Tuesday, February 27, 2007

ac isnt all that bad

my dorm doesnt have air conditioning. which makes for sweaty, oft times sleepless nights.
but i get to go to the beach everyday and swim so i suppose i dont have it that bad =)

although, as i was telling papa earlier today, yesterday this aussie guy found a blue ringed octopus out swimming in the shallows on MY beach.
he caught it, put it in a water bottle, and gave it to a couple of girls to take it back to the bio dept, cos they're really rare and he thought they probably didnt have one.
turns out he was right, they didnt have one, and were very excited about it.
im excited that there's one less deadly thing swimming out in the ocean trying to kill me
(one bite paralyzes the respiratory tract ... ew)

im pretty pumped that i know freo so well by now. as in i can walk pretty much anywhere and usually end up in the right place. and if i dont, i always know how to get back home. so yeah, thats cool.
ive discovered that while i love to go grocery shopping with mama, im not such a fan of doing it for myself. its not even that i hate spending the money on something as useless as food (when i could be doing much more important things, like surf lessons), its just so complicated!
consequently im pretty much living off of brown rice, whole wheat pasta, cottage cheese and fruit, and toast (with vegemite!).
and ive turned into a water guzzler. diet coke here is all off, it was shocking the first time i got it actually (all of three hours after arriving in freo), almost spat it out.
that cured that addiction.
fortunately my coffee addiction hasnt had to die yet. although we lack a coffee pot in the kitchen, we DO have a french press. so im all good. and the grounds i got are actually not too shabby.
there is no Starbucks here (thankfully for my budget), and i wouldnt be surprised if i when i come back home im completely off it. then its just a matter of when i start to cave again.
probably as soon as i get back to south bend.

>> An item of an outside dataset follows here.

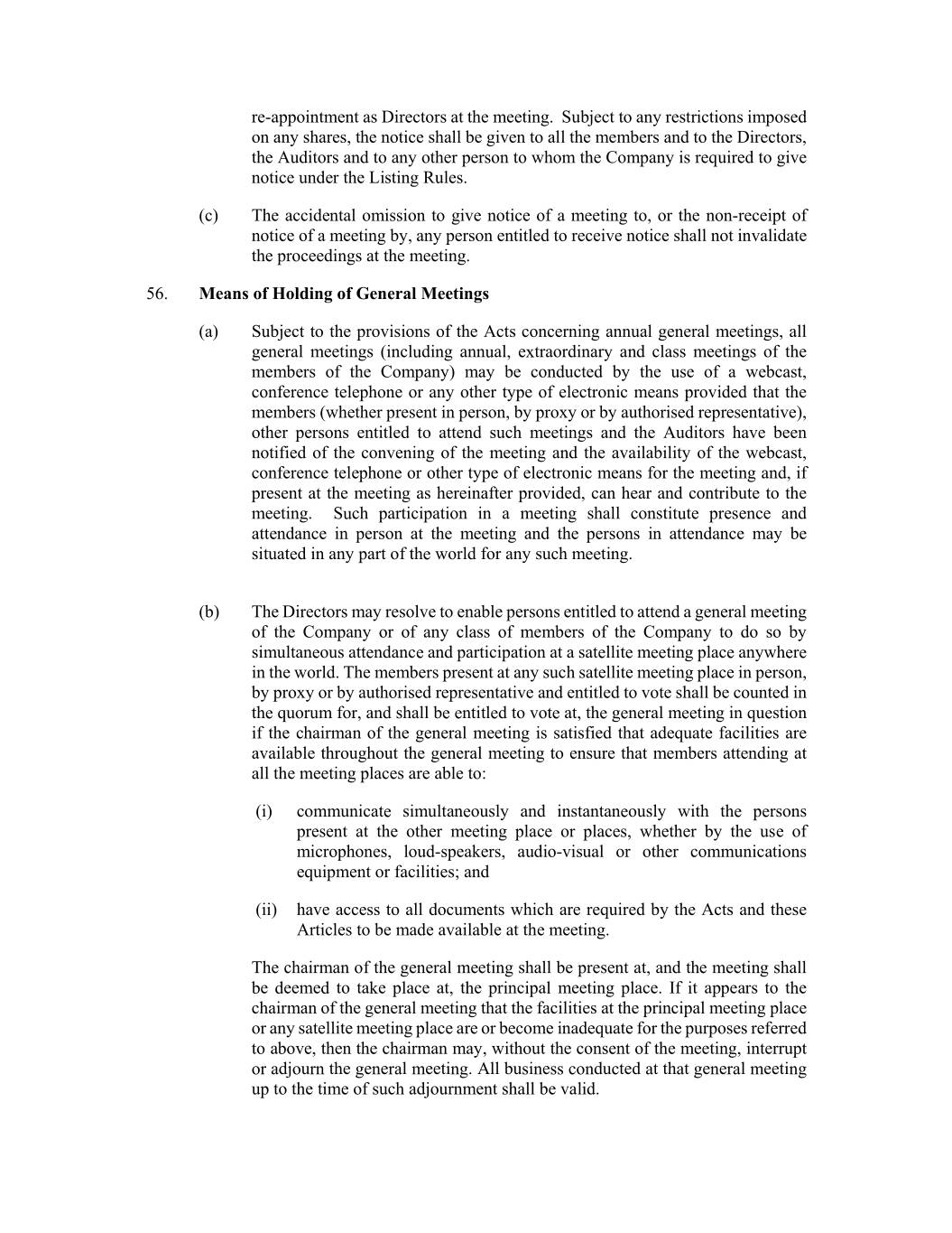 re-appointment as Directors at the meeting. Subject to any restrictions imposed on any shares, the notice shall be given to all the members and to the Directors, the Auditors and to any other person to whom the Company is required to give notice under the Listing Rules. (c) The accidental omission to give notice of a meeting to, or the non-receipt of notice of a meeting by, any person entitled to receive notice shall not invalidate the proceedings at the meeting. 56. Means of Holding of General Meetings (a) Subject to the provisions of the Acts concerning annual general meetings, all general meetings (including annual, extraordinary and class meetings of the members of the Company) may be conducted by the use of a webcast, conference telephone or any other type of electronic means provided that the members (whether present in person, by proxy or by authorised representative), other persons entitled to attend such meetings and the Auditors have been notified of the convening of the meeting and the availability of the webcast, conference telephone or other type of electronic means for the meeting and, if present at the meeting as hereinafter provided, can hear and contribute to the meeting. Such participation in a meeting shall constitute presence and attendance in person at the meeting and the persons in attendance may be situated in any part of the world for any such meeting. (b) The Directors may resolve to enable persons entitled to attend a general meeting of the Company or of any class of members of the Company to do so by simultaneous attendance and participation at a satellite meeting place anywhere in the world. The members present at any such satellite meeting place in person, by proxy or by authorised representative and entitled to vote shall be counted in the quorum for, and shall be entitled to vote at, the general meeting in question if the chairman of the general meeting is satisfied that adequate facilities are available throughout the general meeting to ensure that members attending at all the meeting places are able to: (i) communicate simultaneously and instantaneously with the persons present at the other meeting place or places, whether by the use of microphones, loud-speakers, audio-visual or other communications equipment or facilities; and (ii) have access to all documents which are required by the Acts and these Articles to be made available at the meeting. The chairman of the general meeting shall be present at, and the meeting shall be deemed to take place at, the principal meeting place. If it appears to the chairman of the general meeting that the facilities at the principal meeting place or any satellite meeting place are or become inadequate for the purposes referred to above, then the chairman may, without the consent of the meeting, interrupt or adjourn the general meeting. All business conducted at that general meeting up to the time of such adjournment shall be valid.

there's this really sweet walkway on the harbour, where they have all these anchors that they dredged up from the coast right there. the things are HUGE. its pretty sweet. they have some really old wooden ones. ill take pictures and put them up later, i think the boys would really like them.
theres also a shipwreck museum about spitting distance from my dorm. i havent gone yet, not sure i want to. i love the ocean, its so beautiful, but ive always had a hard time not seeing it as a giant graveyard. its more like that at home, where its all dark and rocky and slightly intimidating. here its all blue and white beaches and reefs and prettiness, but i still kind of have that reaction.
think about it. think about how many bodies are in there. how on ships they always referred to personnel as souls.
so yeah, there's this place in freo where you can buy chandeliers from shipwrecks, and a bunch of girls were getting all excited about how that would be *so* romantic, but i find it all rather macabre.
not as bad, but almost like the whole mummies in museums thing. its a sign of death.
point is, i dont know if i want to go look at a bunch of shipwrecks. but again, i also think the boys would probably find it really cool, so i might just go to take pictures.

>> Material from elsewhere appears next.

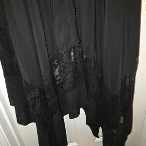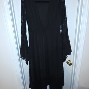 Elegant long sleeve dress. Features lace details. Flowing silhouette. Perfect for any occasion.

im paranoid about my grades here. i was told point blank there was no way i could get a 4, cos no one does, esp americans. and i realize i probably wont, and that ultimately grades dont matter etc, but the sheer impossibility of it is driving me crazy. the fact that a 3 here is pretty much the same as a 4 back home isnt going to show up on my transcript.
its also a little rough because the way they do things here, there is no core program. and you get a 3 year degree. so im in class with students in their last year, of a very very specialized degree. like the kids in my lit class are all lit majors, and completely used to the type of class. but its my first lit class in a university setting, so i feel completely idiotic. plus they kind of assume a general knowledge of australian literature, like things you would read in high school, but obviously i dont have that.
so im irritating the other abroad kids in the class by reading books not on the reading list, in an effort to catch up. its not like im trying to be an overachiever either, i just would like to feel like i have some understanding of whats being talked about, you know?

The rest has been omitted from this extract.